Tuesday, June 29, 2010

My Morning

In a word...my morning mostly sucked. Yesterday I developed an infection in the ring finger on my right hand. By night it was throbbing and awful. I did the things one is supposed to do: soaking, hydrogen peroxide, antibiotic cream, etc. but the pain intensified as the hours went by. Sleeping was hard because of the pain radiating through my entire hand. This morning it looked terrible.

Clearly a call to the doctors office was in order.

I was seen at 9:30 and to the delight of my children, the doctor felt my finger needed to be lanced and squeezed. You seriously could have shot me and I think it would have hurt less. She looked up at me and said "Ummm...let's lay you down before you pass out on me." Oh yeah - it was intense.

She then felt a tetanus shot was in order since it's been 8 years and this was a bad looking infection. (Bonus: I am now up to date on the adult pertussis vaccine since it is part of the tetanus shot) Then came a script for 10 days of antibiotics and a couple days worth of vicodin (to help while the antibiotics kick in). Yes, my friends, it is necessary. I can't even begin to describe the pain. After the lancing and squeezing though I am able to mostly straighten my ring finger and it isn't the screaming bright red it was. Those are good things.

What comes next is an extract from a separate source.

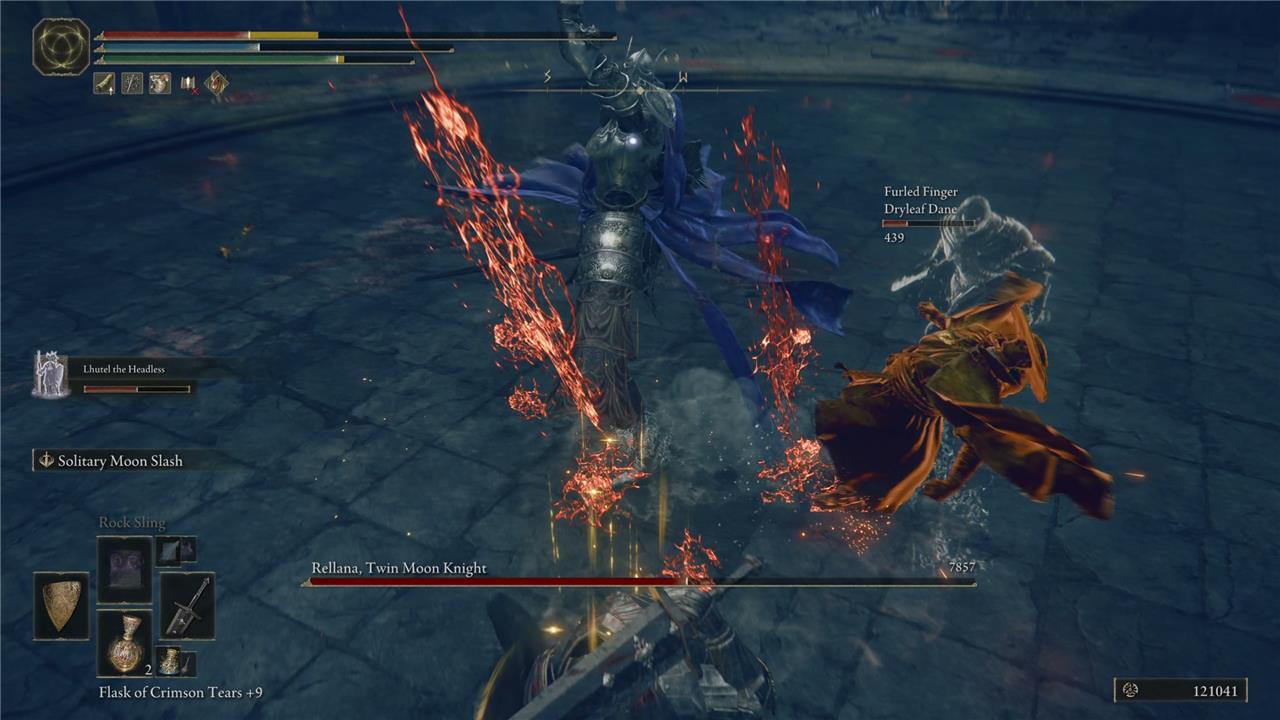- Then comes a follow-up from the other sword, which might be an upward slash or an overhand strike. Rellana may add several of these in the middle of her combo, or a downward slash from both swords, or even a little twirling slash.

My children were waaaaaay too happy to witness me having a shot. In fact, when the doctor was discussing it with me, Kelton piped up with "I really think you should. It's only a minute of pain and if the doctor is recommending it, it's the right thing to do." His concern would have been more convincing if he didn't have a smirk on his face and if he hadn't followed it up with "Kaylen! Finally! Mom gets to know what it feels like to have a shot! This is going to be fun!"

*sigh*

He was right though. It was the right thing to do.

I have other things going on as well: the stress of job hunting and the toll it is starting to take on me, money concerns, etc. It feels like just when I think "Hey - this is going to be a good week!" all hell breaks loose. Maybe I should stop trying to think positively. Clearly, as history will show, it backfires on me. At least when I am negative, I expect the worst and am prepared to deal with it. Thinking things will be good and having it all crash in on you is waaaaaaay harder to deal with.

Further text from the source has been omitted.